Pooling energy resources through regional power trade promises to significantly reduce these power costs. Savings of between 5 and 6 % would be achieved on annualized power system operating costs in the SAPP and EAPP Power Pools if energy trade occurred whenever the benefits outweigh the costs associated with system expansion.
These savings can be viewed as a return on the additional capital investments required to facilitate cross-border transmission. Under this scenario, additional capital investment is recovered in under a year in the SAPP – yielding a return of 167 %. In the EAPP, additional investment is recovered over a 3 to 4 year period for a still positive 20–33 % return on investment [8].

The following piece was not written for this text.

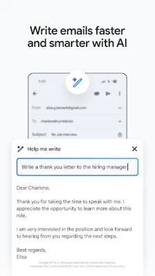 • الحصول على ميزات الذكاء الاصطناعي المتقدمة المدمجة واستخدام أحدث ميزات Gemini لتعزيز إنتاجيتك في Gmail.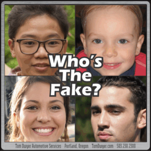 In the picture at left you see four pleasant, average folks. Nothing suspicious at all, and that’s the point… there’s no reason to suspect one of them is a fake. But which one? (tick tock… tick tock… tick tock) HA! Fooled you! THEY’RE ALL FAKE PEOPLE, produced completely from scratch by the website ThisPersonDoesNotExist.com. It’s a weird website, no text at all, in fact the only thing you see is a photo. Refreshing the page brings up another pic, one after the other. It’s an amazing new type of AI Machine learning, the Generative Adversarial Network. We couldn’t understand how it works at all, but maybe you could with an advanced mathematics/computer background and the links here, here, here, and here.

Cross-border electricity trade would save money mainly through substituting hydropower for thermal power – leading to a significant reduction in operating costs [8]. It also reduces losses due to power outages by smoothing temporary irregularities in supply and demand in national markets, for example by allowing peak and off-peak power trading between countries with different time zones.
Electricity trade, furthermore, diversifies the generation mix across countries and energy sources, thereby mitigating risks arising from conflict, high oil prices and prolonged drought, which could affect hydro-power generation and lead to energy shortages.
Examples of interruptions to hydropower electricity generation as a result of severe drought include the 1992 drought in Zimbabwe, during which Kariba Lake’s generation dropped to only 8% of its normal capacity. After the drought in 2004, all of Tanzania’s hydroelectric plants were operating at half their normal capacity while, in 2000, Kenya and Tanzania were forced to ration electricity due to persistent drought. – Trade Mark Southern Africa.